» Work to be completed:
Dropping every picture, set down exactly the lines in the entries below, starting with the line with "The event section" and going on through the line with "5月24日,日落時分,在阿里天文臺,尤顯龍走出望遠(yuǎn)鏡圓頂。新華社記者 費茂華 攝".

» Data for analysis:
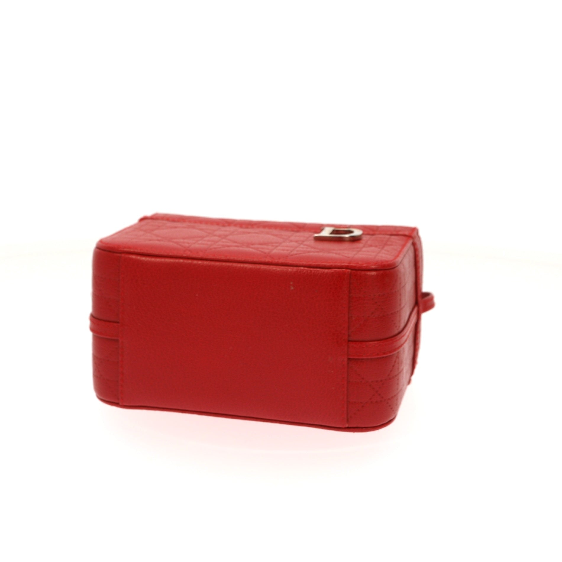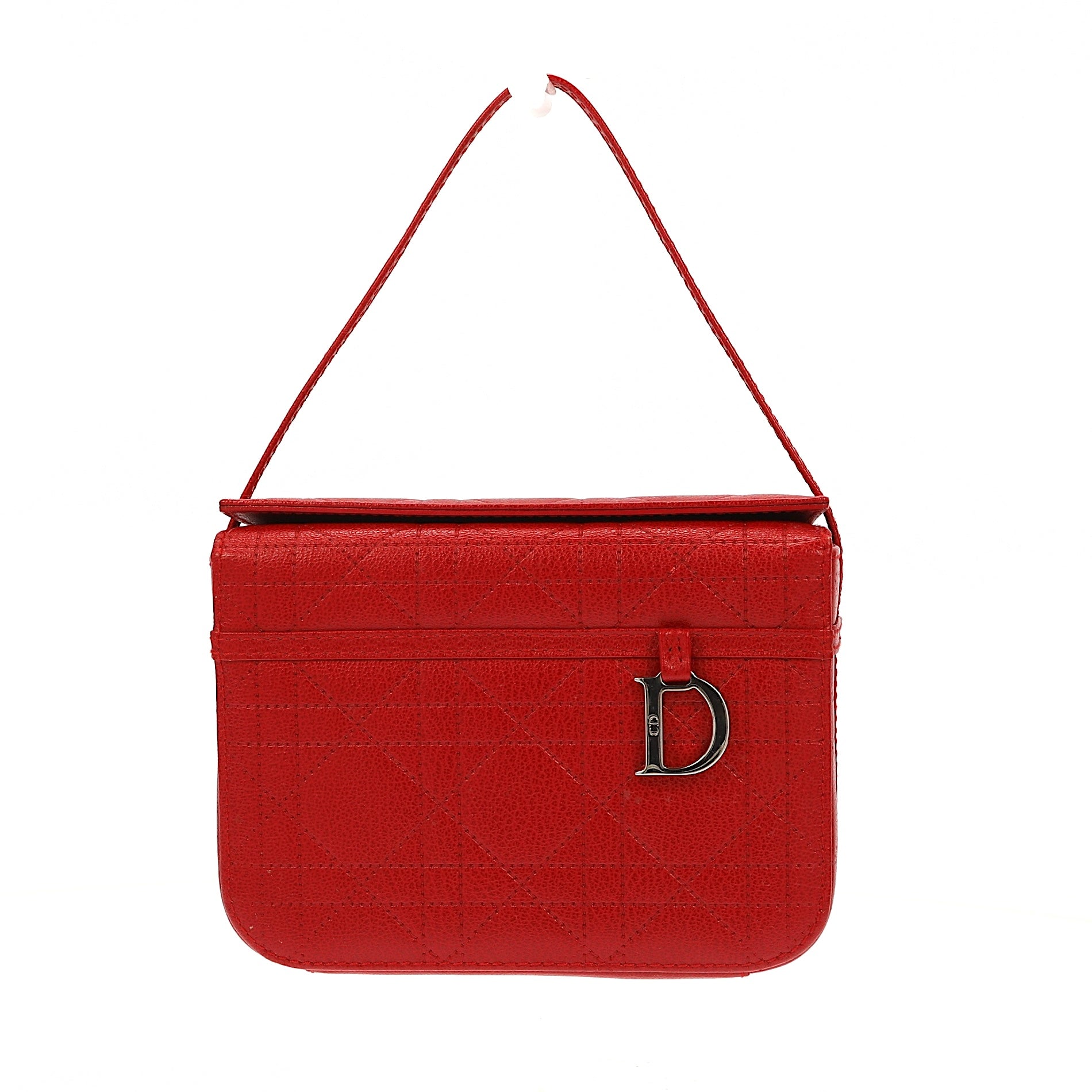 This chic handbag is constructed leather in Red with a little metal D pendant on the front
* * *
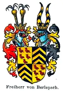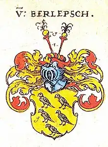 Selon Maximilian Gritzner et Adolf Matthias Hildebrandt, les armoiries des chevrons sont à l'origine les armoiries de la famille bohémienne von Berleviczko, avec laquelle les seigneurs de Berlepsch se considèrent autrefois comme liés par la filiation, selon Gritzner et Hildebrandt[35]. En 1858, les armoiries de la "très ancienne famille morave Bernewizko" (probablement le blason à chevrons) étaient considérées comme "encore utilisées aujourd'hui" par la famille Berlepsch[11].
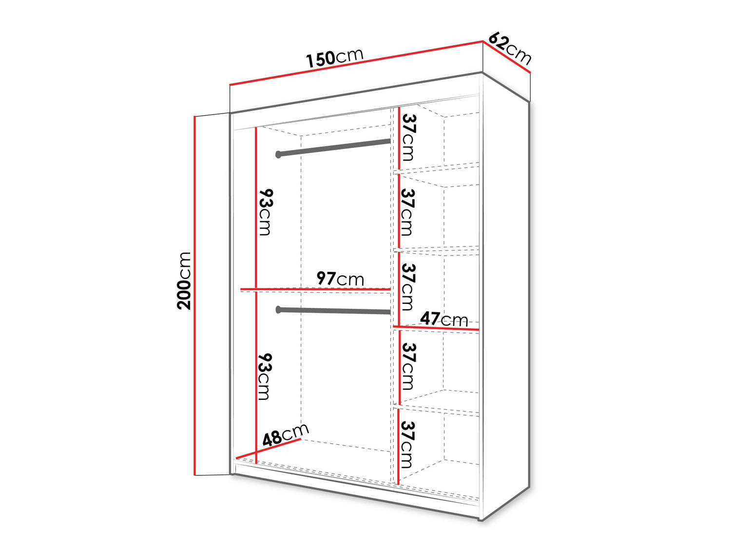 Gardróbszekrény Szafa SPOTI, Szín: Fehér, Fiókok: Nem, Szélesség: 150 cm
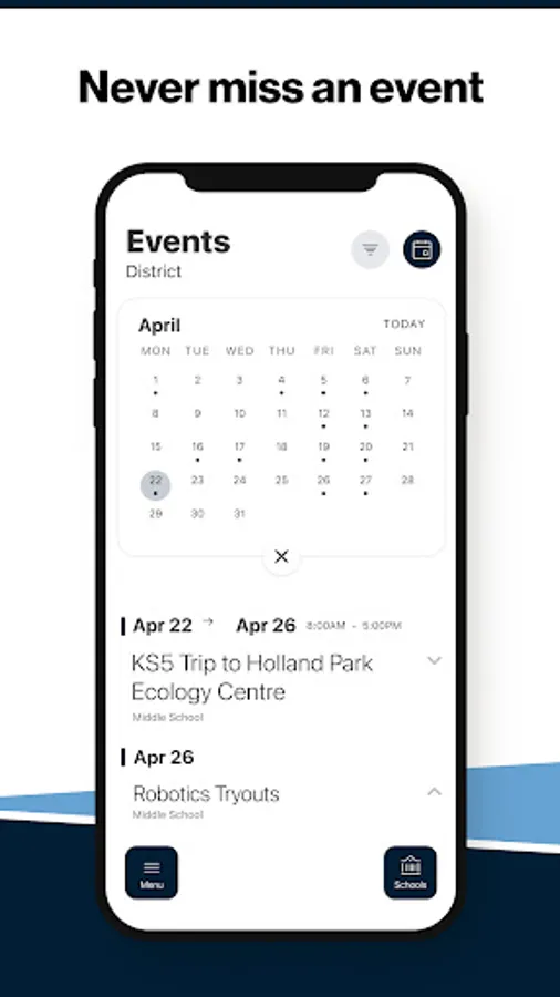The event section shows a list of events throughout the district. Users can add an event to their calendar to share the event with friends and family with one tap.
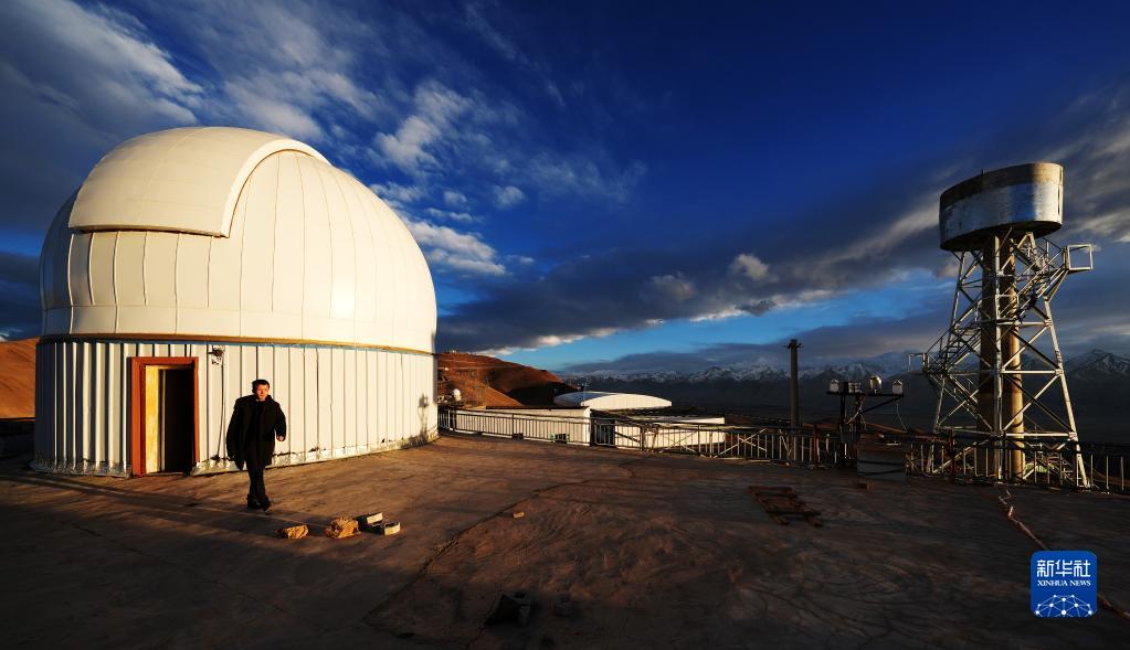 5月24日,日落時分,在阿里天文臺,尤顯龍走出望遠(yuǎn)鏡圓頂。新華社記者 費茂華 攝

» Solved problem:
The event section shows a list of events throughout the district. Users can add an event to their calendar to share the event with friends and family with one tap.
 5月24日,日落時分,在阿里天文臺,尤顯龍走出望遠(yuǎn)鏡圓頂。新華社記者 費茂華 攝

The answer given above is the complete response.